はじめに
各種 AWS サービスの出力するアクセスログを正規表現でパースしてみました。ログ収集基盤や DWH などで雑多なログをある一定のフォーマットに整形するのはよくある話で、自分なりに汎用化しておくと捗る気がします。
- Python でコーディング
- pattern_1, 2 というふうに分かれているのは、歴史的経緯でログフォーマットが更新されているので、古いものも救おうという意図がある
- サンプルなので単純に JSON を返しているが、実際に使う場合はコネコネする想定
現時点で対応できている AWS サービス
- S3
- ALB
- CLB
- CloudFront
機会があれば対象サービスを増やしていきたい (NLB など)
S3 の場合
import json
import re
import sys
import argparse
parser = argparse.ArgumentParser("parse access logs")
parser.add_argument("-p", "--path", help="set log file path", required=True)

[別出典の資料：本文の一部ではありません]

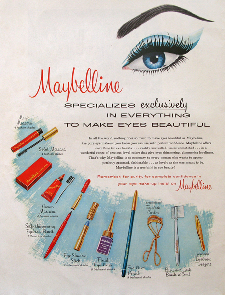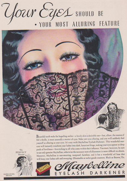 1913年的时候(不要怀疑时间,就是那么早),有个叫做玛贝尔(Mabel)的姑娘单恋上一个帅小伙儿,为了让睫毛好看好看一点儿,这姑娘就用凡士林加上煤灰来为自己的睫毛上了点儿妆。而这个土方子,还是她从某时尚杂志上看来的。

args = parser.parse_args()
path = args.path
pattern_1 = [
r"^(?P<bucket_owner>[\w -/:-@\[-~]+|-)",
r"(?P<bucket>[\w -/:-@\[-~]+)",
r"\[(?P<time>([\w -/:-@\[-~]+ [\w+]+))\]",
r"(?P<remote_ip>(\d{1,3}\.\d{1,3}\.\d{1,3}\.\d{1,3})|([\da-fA-F]{1,4}:){7,7}[\da-fA-F]{1,4}|([\da-fA-F]{1,4}:){1,7}:|([\da-fA-F]{1,4}:){1,6}:[\da-fA-F]{1,4}|([\da-fA-F]{1,4}:){1,5}(:[\da-fA-F]{1,4}){1,2}|([\da-fA-F]{1,4}:){1,4}(:[\da-fA-F]{1,4}){1,3}|([\da-fA-F]{1,4}:){1,3}(:[\da-fA-F]{1,4}){1,4}|([\da-fA-F]{1,4}:){1,2}(:[\da-fA-F]{1,4}){1,5}|[\da-fA-F]{1,4}:((:[\da-fA-F]{1,4}){1,6})|:((:[\da-fA-F]{1,4}){1,7}|:)|fe80:(:[\da-fA-F]{0,4}){0,4}%[\da-zA-Z]{1,}|::(ffff(:0{1,4}){0,1}:){0,1}((25[0-5]|(2[0-4]|1{0,1}[\d]){0,1}[\d])\.){3,3}(25[0-5]|(2[0-4]|1{0,1}[\d]){0,1}[\d])|([\da-fA-F]{1,4}:){1,4}:((25[0-5]|(2[0-4]|1{0,1}[\d]){0,1}[\d])\.){3,3}(25[0-5]|(2[0-4]|1{0,1}[\d]){0,1}[\d])|-)",
r"(?P<requester>[\w -/:-@\[-~]+|Anonymous)",
r"(?P<request_id>[\w -/:-@\[-~]+|-)",
r"(?P<operation>[\w -/:-@\[-~]+|-)",
r"(?P<key>[\w -/:-@\[-~]+)",
r"\"(?P<request_uri>([\w -/:-@\[-~]+|-) ([\w -/:-@\[-~]+))\"",
r"(?P<http_status>\d{1,3}|-)",
r"(?P<error_code>[\w -/:-@\[-~]+)",
r"(?P<bytes_sent>[\d\-.]+|-)",
r"(?P<object_size>[\d\-.]+|-)",
r"(?P<total_time>[\d\-.]+|-)",
r"(?P<turn_around_time>[\d\-.]+|-)",
r"\"(?P<referer>(((https?|ftp|file)://)?([\w\-.]+)\.?([\w\-.]+)(:[\d]{1,5})?([\w -/:-@\[-~]+)?)|-)\"",
r"\"(?P<user_agent>[^\"]+)\"",
r"(?P<version_id>[\w -/:-@\[-~]+)",
]
pattern_2 = [
r"(?P<host_id>([\w -/:-@\[-~]+))",
r"(?P<signature_version>(SigV2|SigV4|-))",
r"(?P<cipher_suite>[\w -/:-@\[-~]+)",
r"(?P<authentication_type>(AuthHeader|QueryString|-))",
r"(?P<host_header>[\w -/:-@\[-~]+)",
]
pattern_3 = [
r"(?P<tls_version>(TLS(v|V)1.3|TLS(v|V)1.2|TLS(v|V)1.1|TLS(v|V)1|SSL(v|V)3|-))",
]
pattern_4 = [
r"(?P<access_point_arn>[\w -/:-@\[-~]+)",
]
DELIMITER = " "
pt_1 = DELIMITER.join(pattern_1)
pt_2 = DELIMITER.join(pattern_1 + pattern_2)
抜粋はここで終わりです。